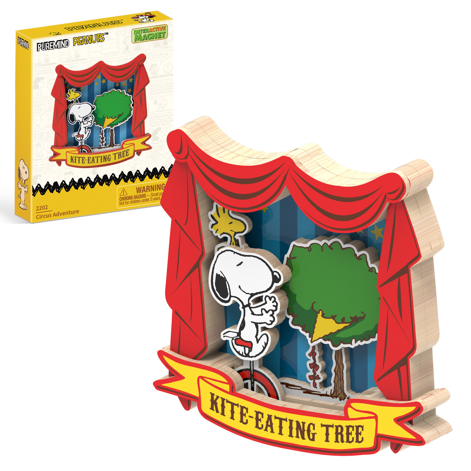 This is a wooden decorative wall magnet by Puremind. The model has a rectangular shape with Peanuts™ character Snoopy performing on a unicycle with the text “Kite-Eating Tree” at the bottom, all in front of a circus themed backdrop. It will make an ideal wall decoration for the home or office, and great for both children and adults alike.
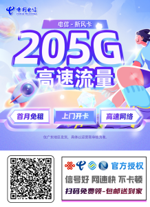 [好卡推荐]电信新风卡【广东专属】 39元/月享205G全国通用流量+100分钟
---
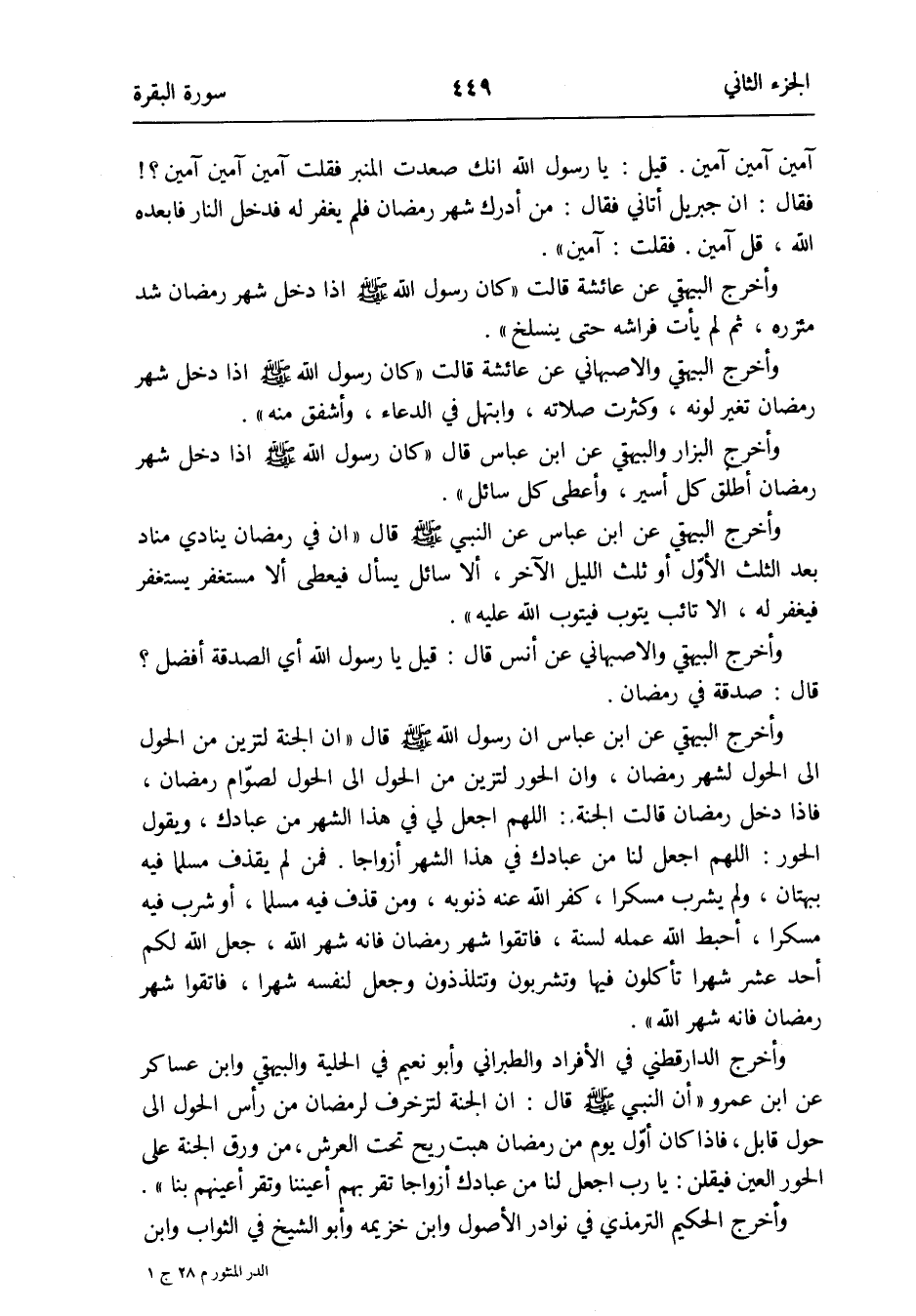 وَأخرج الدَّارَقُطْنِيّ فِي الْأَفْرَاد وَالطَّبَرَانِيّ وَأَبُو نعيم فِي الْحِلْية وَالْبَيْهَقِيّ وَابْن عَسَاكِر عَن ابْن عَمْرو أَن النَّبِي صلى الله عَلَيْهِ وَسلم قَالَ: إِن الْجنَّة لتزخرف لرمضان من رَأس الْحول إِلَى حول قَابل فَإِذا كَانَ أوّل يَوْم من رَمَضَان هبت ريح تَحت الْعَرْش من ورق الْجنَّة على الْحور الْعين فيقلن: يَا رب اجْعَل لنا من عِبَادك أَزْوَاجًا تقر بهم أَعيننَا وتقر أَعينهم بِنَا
--
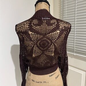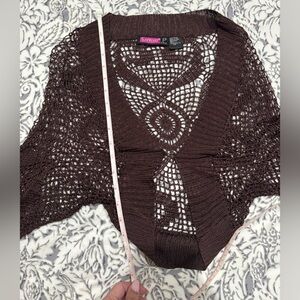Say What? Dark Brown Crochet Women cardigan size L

WORK TASK
Give again, exactly as written above, each line from the one that has "This is a wooden" to the one that has "[好卡推荐]电信新风卡【广东", both included; omit the pictures.

RESPONSE AREA
 This is a wooden decorative wall magnet by Puremind. The model has a rectangular shape with Peanuts™ character Snoopy performing on a unicycle with the text “Kite-Eating Tree” at the bottom, all in front of a circus themed backdrop. It will make an ideal wall decoration for the home or office, and great for both children and adults alike.
 [好卡推荐]电信新风卡【广东专属】 39元/月享205G全国通用流量+100分钟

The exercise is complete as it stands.